Posted on 07/16/2004 7:15:01 AM PDT by NCjim
Former President Jimmy Carter will arrive in Venezuela on Aug. 11 to oversee preparations for a vote on President Hugo Chavez's rule.
Jennifer McCoy, a spokeswoman for the Atlanta-based Carter Center, said Carter would head the center's team of international election observers for the Aug. 15 vote and election preparations.
(Excerpt) Read more at accessnorthga.com ...
Carter is an idiot.
Carter will help keep the dictator in office!!
Here's hoping he gets hold of a bad enchilada. They do eat enchiladas in Venezuela, I presume.
Sure hope he is back by November to help the UN monitor the US elections.
He's much worse than an idiot--he's a menace to the Republic. Try reading "The Real Jimmy Carter" by Hamilton (?--one forget names now and then since I returned the book to the library a while back). It is an eye opening book about the Rotting Peanut, who is shown to be a lying, nasty, potty-mouthed politician (much like all RAT pols) who screwed up virtually everything he touched, sort of a reverse King Midas, but everything Carter touches turned to manure.

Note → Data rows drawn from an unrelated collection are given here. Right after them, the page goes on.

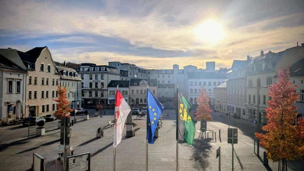 Begrüßt wurden die Habartover bereits auf dem Marktplatz, auf dem neben der Lengenfelder Stadtfahne auch die Fahne von Habartov gehisst war. Bei Kaffee und Kuchen gab es im Ratssaal eine kurze Vorstellung von Lengenfeld mithilfe der 360°-Präsentation, die auf der Webseite der Stadt Lengenfeld zu finden ist. Anschließend ging es auf einen Rundgang durch das Rathaus, bei dem sich die jeweiligen Amtskollegen fachlich austauschen konnten.
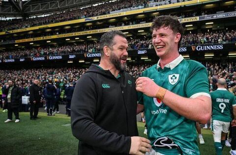 Ireland Head Coach Andy Farrell congratulates Darragh Murray after the Roscommon man's impressive Six Nations debut at the Aviva Stadium on Saturday. Picture: Connacht Rugby
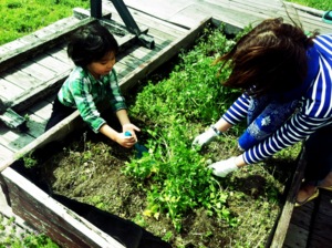 (写真は、cross fmファームのハーブアドバイザー紘子先生とたっくん。ハーブコンテナをお手入れ中♪)
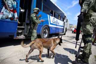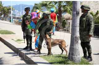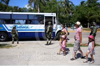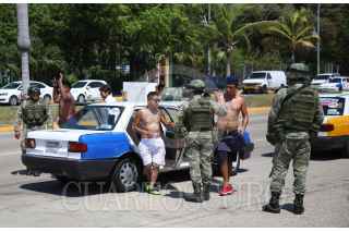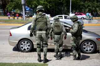 ACAPULCO, GUERRERO, 13OCTUBRE2019.- Soldados del Ejército Mexicano se encuentran en un filtro de seguridad instalado en la avenida Costera, en donde revisaron unidades de transporte público, luego de los ataques en los que unos hombres armados incendiaran unidades. FOTO: CARLOS ALBERTO CARBAJAL /CUARTOSCURO.COM
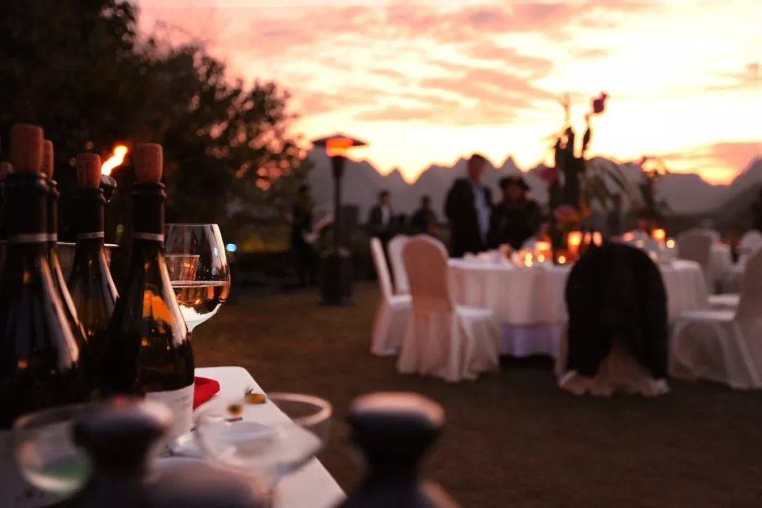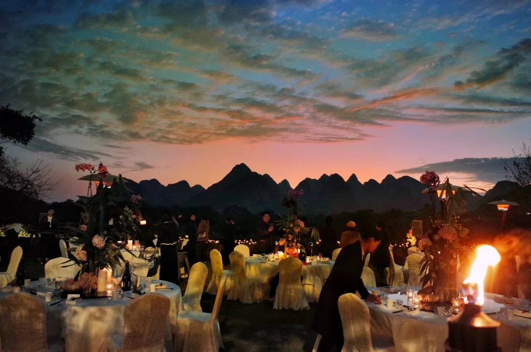 现场乐队奏响华美乐章,美酒佳肴与桂林山水相互交融,贵宾们纵享水光山色沉淀美景的轮换,诗情画意连接精神的共鸣。
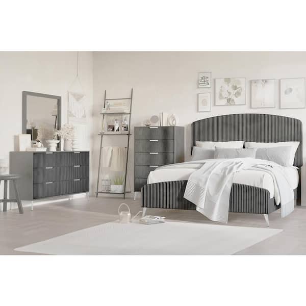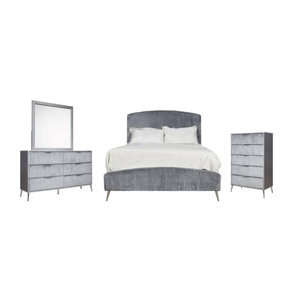 New Classic Furniture Kailani 4-Piece Gray California King Wood Bedroom Set (Bed, Dresser, Mirror, Chest)
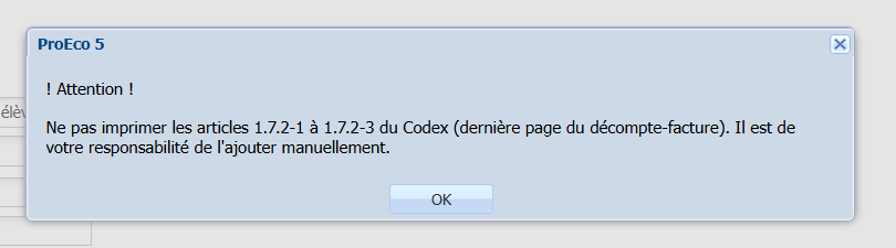 Si vous confirmez, les articles 1.7.2-1 à 1.7.2-3 du Codex seront retirés du fichier du décompte-facture généré par ProEco5.
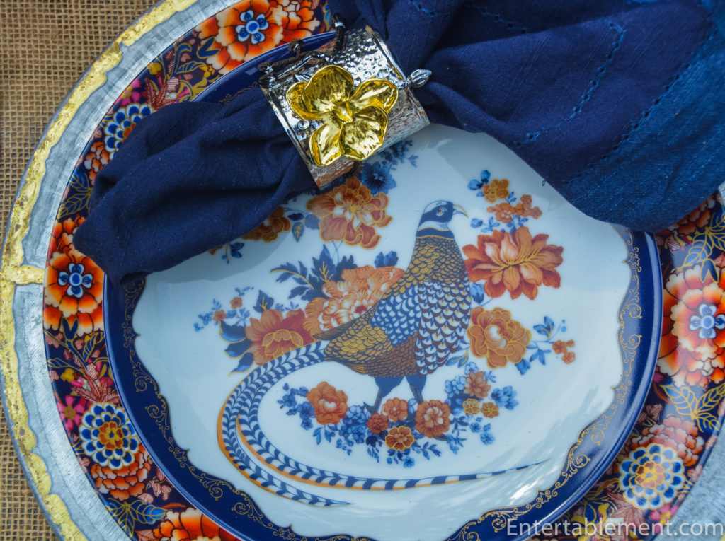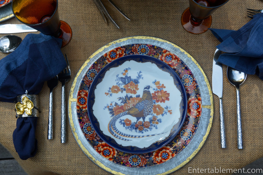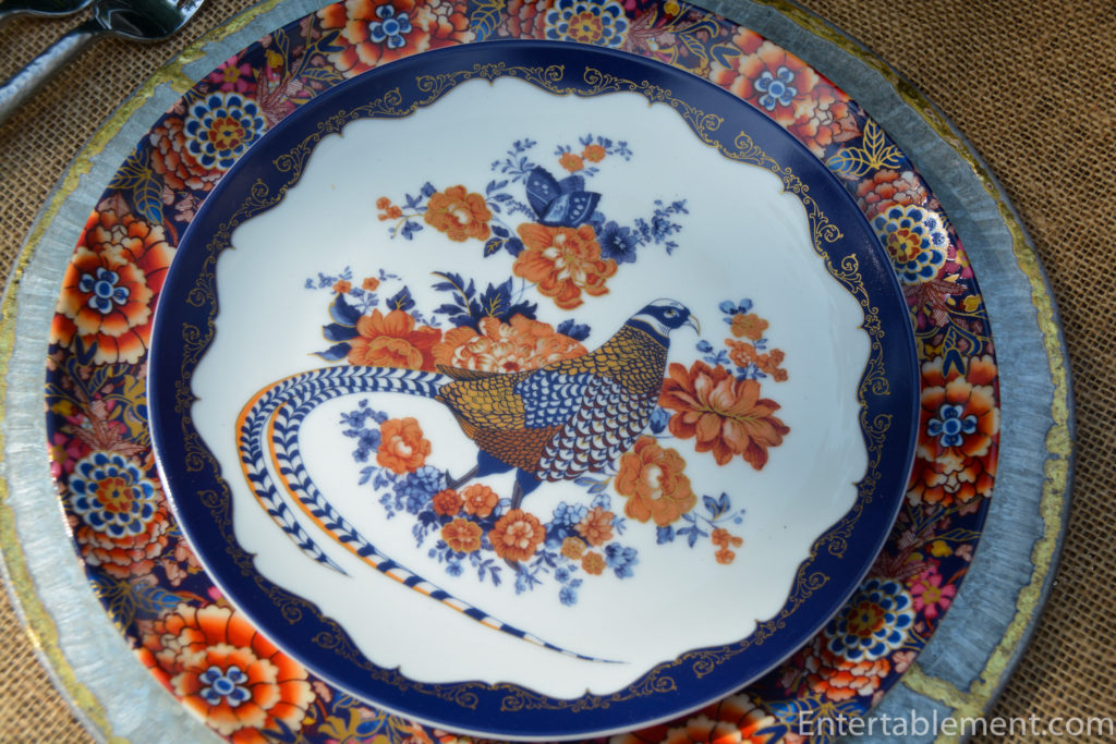Hope it’s getting easier with the dogs. You must be one of those people who find solace in creativity. Why else have your two last tables shone so? I see only blue, orange, and gold, and you pull out the amber of the pheasant’s back feathers. Sigh. I would have used the Arte Italica Medici to echo the rim and napkin ring, and I would have been wrong…
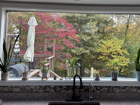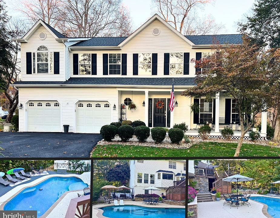 Welcome to your own private retreat! This home offers luxury living both indoors and outdoors. The extensive hardscape, complete with saltwater pool, stone retaining walls, sidewalks & patios, backs to a serene, wooded area. (see homeowner video). Upfront is an inviting front porch as well as a newly expanded three-car parking pad. This charming 6 bedroom/4.5 bathroom house provides over 4,000 finished sf. Most of the home has been freshly painted and updated. Hardwood floors are found on the first floor along with detailed moldings located on both the main and upper levels. The gourmet kitchen boasts granite countertops, stone backsplash, SS appliances, tray ceiling and recessed lighting plus a built-in desk. A prominent feature of the kitchen is the expansive picture window overlooking an array of trees and the backyard. The eat-in, table space was bumped out two feet here and the entire length of the adjoining family room. A floor-to-ceiling fireplace with raised hearth and stone façade anchors this room. Sunlight pours in through oversized windows in the formal dining room and study. Built-in cabinet and desk provide the perfect work at home office space. Five generously sized bedrooms are found upstairs. The primary ensuite offers a cathedral ceiling, updated bathroom and walk-in closet. A full hall bath provides plenty of natural light via the skylight. A finished room over the garage (FROG) includes an ensuite bathroom, skylight, walk-in closet, cathedral ceiling and custom window. The walk-out basement boasts a huge rec room, wet bar, sixth bedroom and full bathroom. Exit the basement to a stone patio with pergola. The saltwater pool received a recent update with a new Jandy pump and surrounding Sundek decking. The backyard oasis also includes stone retaining walls, patios, firepit, walkways, wrought iron fencing, outdoor shower and a large deck off the family room. This property is not just a home; it is a lifestyle choice! Professional photos coming soon!

Afraid not. They eat a lot of rice and beans and fish, however. The Venezolanos I know are good folks, but the lower classes can be super violent. Caracas is the only city in Latin America where I watched street battles with copter gun ships mowing down the Cuban-backed lefties at the University and spraying those hiding in high-rise apartment houses. Scary bunch! It could easily happen again as Cuba is once again arming and "advising" the leftist admin.

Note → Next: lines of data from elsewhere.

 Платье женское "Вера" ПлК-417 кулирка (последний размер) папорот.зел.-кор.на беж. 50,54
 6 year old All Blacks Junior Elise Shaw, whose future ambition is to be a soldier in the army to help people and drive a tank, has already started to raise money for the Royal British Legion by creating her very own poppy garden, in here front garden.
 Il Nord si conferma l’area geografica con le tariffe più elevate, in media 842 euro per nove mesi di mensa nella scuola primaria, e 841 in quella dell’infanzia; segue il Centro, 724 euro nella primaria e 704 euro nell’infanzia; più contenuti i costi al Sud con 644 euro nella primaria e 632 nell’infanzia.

Carter is going to play around with the wrong crowd someday, and become toast, as in post.
Jimmy Carter leading a group of election observers.
On a business trip in the early 90s, with my IBM clients, I stayed at the swank Tamanaco Hotel in Caracus. There was a coup going on and we had to stay indoors for a few days. The President (I don't remember his name) was flown out by helicopter gunship on the pad behind the hotel.

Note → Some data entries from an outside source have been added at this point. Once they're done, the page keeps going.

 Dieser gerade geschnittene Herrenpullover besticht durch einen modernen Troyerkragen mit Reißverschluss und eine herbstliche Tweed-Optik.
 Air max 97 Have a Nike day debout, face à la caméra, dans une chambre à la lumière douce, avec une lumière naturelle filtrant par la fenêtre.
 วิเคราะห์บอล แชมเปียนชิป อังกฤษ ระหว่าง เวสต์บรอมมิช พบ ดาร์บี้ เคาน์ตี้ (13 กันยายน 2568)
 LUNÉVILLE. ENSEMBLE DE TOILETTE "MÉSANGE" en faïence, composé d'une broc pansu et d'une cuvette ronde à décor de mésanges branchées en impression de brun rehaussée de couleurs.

I want Oliphant she is smarter than Carter.
Are we going to see photos of Carter examining hanging chads?
The Tamanaco was where I always stayed too. From the back patio of the hotel, we watched the battles from a relatively safe viewpoint, but bullets were flying into the high rises just a few blocks away. That's one nervous place! Chile was another as was Argentina.